In the listing below, find the line that contains "一年生粗状直立草本;茎高30" and the line that contains "Script bath accessories". Quote both and every line between them, exactly, and nothing more.

▸ **EXTRACTED RECORDS**
Start of Block
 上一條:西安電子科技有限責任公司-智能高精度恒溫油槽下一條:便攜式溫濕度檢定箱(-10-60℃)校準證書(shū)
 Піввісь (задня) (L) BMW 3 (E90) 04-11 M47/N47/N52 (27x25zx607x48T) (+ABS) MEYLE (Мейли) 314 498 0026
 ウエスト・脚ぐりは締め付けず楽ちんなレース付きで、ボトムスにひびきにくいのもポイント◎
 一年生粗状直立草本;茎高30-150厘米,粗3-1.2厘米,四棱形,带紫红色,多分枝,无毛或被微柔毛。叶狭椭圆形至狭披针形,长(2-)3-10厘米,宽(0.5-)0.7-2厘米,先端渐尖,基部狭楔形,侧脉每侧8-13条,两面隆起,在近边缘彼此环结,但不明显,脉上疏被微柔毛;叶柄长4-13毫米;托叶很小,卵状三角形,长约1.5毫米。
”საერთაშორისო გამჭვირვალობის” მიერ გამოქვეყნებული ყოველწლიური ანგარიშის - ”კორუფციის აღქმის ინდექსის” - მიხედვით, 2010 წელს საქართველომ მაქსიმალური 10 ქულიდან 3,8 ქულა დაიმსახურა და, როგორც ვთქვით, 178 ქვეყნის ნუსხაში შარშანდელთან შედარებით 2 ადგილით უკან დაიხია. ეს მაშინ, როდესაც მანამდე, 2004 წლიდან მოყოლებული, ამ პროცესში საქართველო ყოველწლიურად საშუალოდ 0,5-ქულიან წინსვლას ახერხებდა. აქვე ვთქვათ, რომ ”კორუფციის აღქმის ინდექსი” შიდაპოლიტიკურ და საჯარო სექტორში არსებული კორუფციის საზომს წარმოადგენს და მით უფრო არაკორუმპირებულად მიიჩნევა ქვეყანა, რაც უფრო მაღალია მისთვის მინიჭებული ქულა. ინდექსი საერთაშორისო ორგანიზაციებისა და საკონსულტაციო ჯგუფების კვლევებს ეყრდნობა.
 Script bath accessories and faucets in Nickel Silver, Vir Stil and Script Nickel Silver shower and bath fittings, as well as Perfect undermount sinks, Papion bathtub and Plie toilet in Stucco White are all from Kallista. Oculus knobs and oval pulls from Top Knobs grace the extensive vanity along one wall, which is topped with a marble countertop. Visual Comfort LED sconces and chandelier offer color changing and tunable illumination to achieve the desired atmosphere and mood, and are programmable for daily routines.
End of Block
Start of Block
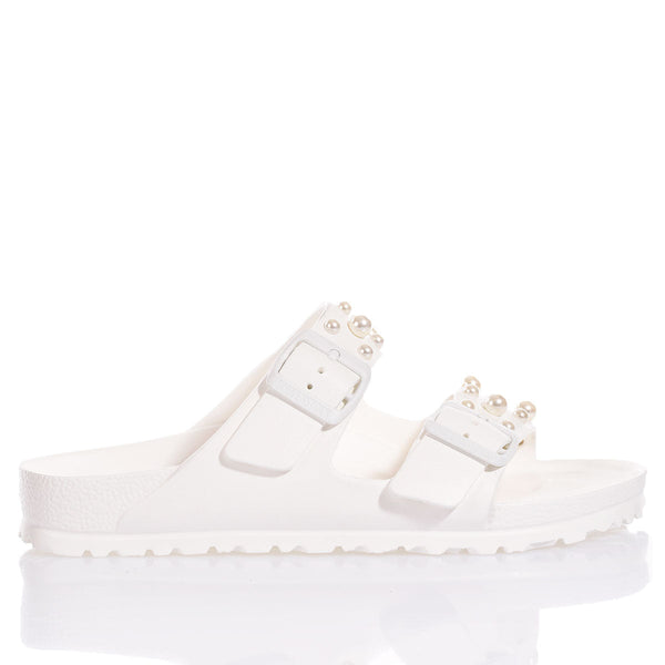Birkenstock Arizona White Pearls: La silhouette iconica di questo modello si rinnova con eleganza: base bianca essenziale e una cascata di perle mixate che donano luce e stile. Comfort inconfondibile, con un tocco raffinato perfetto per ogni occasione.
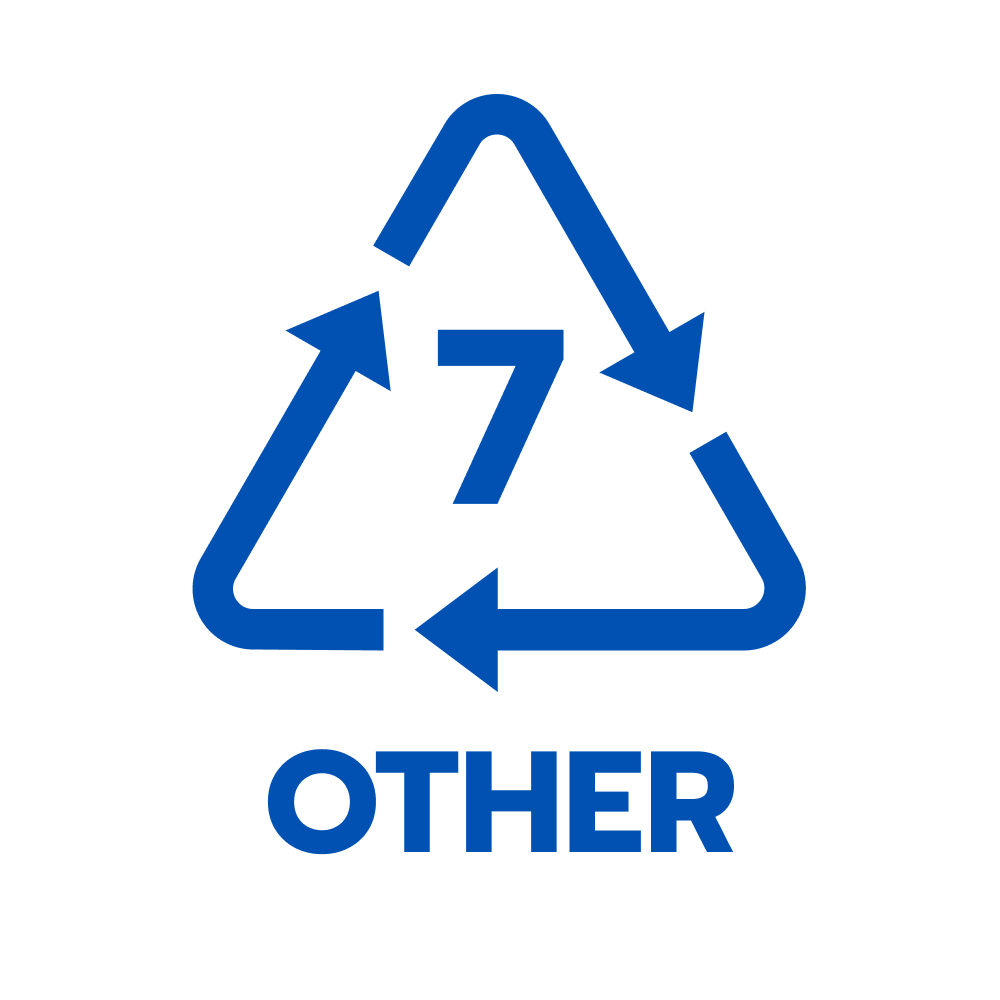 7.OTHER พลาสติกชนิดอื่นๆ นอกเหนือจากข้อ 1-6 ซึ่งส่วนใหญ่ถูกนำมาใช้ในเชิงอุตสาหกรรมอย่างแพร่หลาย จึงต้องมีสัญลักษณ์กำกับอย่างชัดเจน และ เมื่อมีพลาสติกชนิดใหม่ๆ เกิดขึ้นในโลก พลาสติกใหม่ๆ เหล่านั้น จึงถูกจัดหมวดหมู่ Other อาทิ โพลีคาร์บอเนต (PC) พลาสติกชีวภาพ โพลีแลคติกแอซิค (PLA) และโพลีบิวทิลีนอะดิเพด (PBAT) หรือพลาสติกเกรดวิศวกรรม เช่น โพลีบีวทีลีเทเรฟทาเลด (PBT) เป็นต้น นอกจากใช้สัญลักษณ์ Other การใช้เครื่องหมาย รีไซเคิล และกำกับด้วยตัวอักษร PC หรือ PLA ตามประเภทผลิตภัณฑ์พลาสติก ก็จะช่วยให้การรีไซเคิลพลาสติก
End of Block
▸ **EXERCISE SOLUTION**
 一年生粗状直立草本;茎高30-150厘米,粗3-1.2厘米,四棱形,带紫红色,多分枝,无毛或被微柔毛。叶狭椭圆形至狭披针形,长(2-)3-10厘米,宽(0.5-)0.7-2厘米,先端渐尖,基部狭楔形,侧脉每侧8-13条,两面隆起,在近边缘彼此环结,但不明显,脉上疏被微柔毛;叶柄长4-13毫米;托叶很小,卵状三角形,长约1.5毫米。
”საერთაშორისო გამჭვირვალობის” მიერ გამოქვეყნებული ყოველწლიური ანგარიშის - ”კორუფციის აღქმის ინდექსის” - მიხედვით, 2010 წელს საქართველომ მაქსიმალური 10 ქულიდან 3,8 ქულა დაიმსახურა და, როგორც ვთქვით, 178 ქვეყნის ნუსხაში შარშანდელთან შედარებით 2 ადგილით უკან დაიხია. ეს მაშინ, როდესაც მანამდე, 2004 წლიდან მოყოლებული, ამ პროცესში საქართველო ყოველწლიურად საშუალოდ 0,5-ქულიან წინსვლას ახერხებდა. აქვე ვთქვათ, რომ ”კორუფციის აღქმის ინდექსი” შიდაპოლიტიკურ და საჯარო სექტორში არსებული კორუფციის საზომს წარმოადგენს და მით უფრო არაკორუმპირებულად მიიჩნევა ქვეყანა, რაც უფრო მაღალია მისთვის მინიჭებული ქულა. ინდექსი საერთაშორისო ორგანიზაციებისა და საკონსულტაციო ჯგუფების კვლევებს ეყრდნობა.
 Script bath accessories and faucets in Nickel Silver, Vir Stil and Script Nickel Silver shower and bath fittings, as well as Perfect undermount sinks, Papion bathtub and Plie toilet in Stucco White are all from Kallista. Oculus knobs and oval pulls from Top Knobs grace the extensive vanity along one wall, which is topped with a marble countertop. Visual Comfort LED sconces and chandelier offer color changing and tunable illumination to achieve the desired atmosphere and mood, and are programmable for daily routines.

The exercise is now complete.